Polarizability: Polarizability is a measure of how easily the electrons in an atom or molecule can be distorted or displaced from their normal positions by an external electric field. This property is particularly important in the context of the SN2 reaction, as it influences the reactivity and selectivity of the reaction. Polarizability is related to the size and electron density of an atom or molecule. Larger atoms and molecules with more diffuse electron clouds tend to have higher polarizabilities, which can impact the stability and reactivity of the species involved in an SN2 reaction.
Hydroxide: Hydroxide (OH-) is a negatively charged ion composed of one oxygen atom and one hydrogen atom. It is a key reactive species in many organic chemistry reactions, including the SN2 reaction and the dehydration of aldol products to form enones.
Methanol: Methanol, also known as methyl alcohol or wood alcohol, is a simple alcohol compound with the chemical formula CH3OH. It is a colorless, volatile, and flammable liquid that is widely used in various industrial and chemical applications. Methanol is particularly relevant in the context of the SN2 reaction, the naming of alcohols and phenols, and the spectroscopy of alcohols and phenols.
Solvent Polarity: Solvent polarity refers to the degree of polarity or charge distribution within a solvent molecule. It is a crucial factor in determining the solubility and reactivity of various compounds in organic chemistry, particularly in the context of the SN2 reaction.
Azide: An azide is a functional group consisting of a nitrogen atom triple-bonded to two other nitrogen atoms (N₃⁻). Azides are important in the context of the SN2 reaction, as they can act as nucleophiles in these substitution reactions.
Basicity: Basicity is a measure of the strength or ability of a chemical species to accept a proton (H+) and form a conjugate acid. It is a fundamental concept in organic chemistry that plays a crucial role in understanding the reactivity and properties of various organic compounds, including those involved in SN2 reactions, aromatic heterocycles, amines, and their reactions.
Bimolecular Reaction: A bimolecular reaction, also known as a second-order reaction, is a chemical reaction in which two reactant species collide and interact to form the products. This type of reaction is particularly relevant in the context of the SN2 (Substitution Nucleophilic Bimolecular) mechanism, which is a common pathway for organic substitution reactions.
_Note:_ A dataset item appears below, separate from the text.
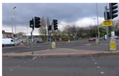
A65 Kirkstall Road

We decided on the basis of the evidence presented to us not to undertake further scrutiny of this matter.

Chloride: Chloride is a negatively charged ion (Cl-) that is essential for various physiological processes in the body. It is a key component in the regulation of fluid balance, acid-base balance, and nerve impulse transmission.
Polar Aprotic Solvents: Polar aprotic solvents are a class of organic solvents that are polar in nature but do not contain any hydrogen atoms bonded to highly electronegative atoms, such as oxygen or nitrogen. These solvents are widely used in organic chemistry due to their unique properties and ability to facilitate certain chemical reactions.
Alkoxides: Alkoxides are negatively charged species formed when an alkoxide group, consisting of an alkyl group bonded to an oxygen atom, replaces a hydrogen atom on a molecule. They are important intermediates in various organic reactions, particularly in the context of the SN2 reaction and the E1 and E1cB elimination reactions.
DMSO: DMSO, or dimethyl sulfoxide, is a highly polar organic solvent known for its ability to dissolve both polar and nonpolar compounds. Its unique properties make it a valuable reagent in various chemical reactions, particularly in nucleophilic substitution processes, where it enhances the solubility of reactants and facilitates the formation of intermediates.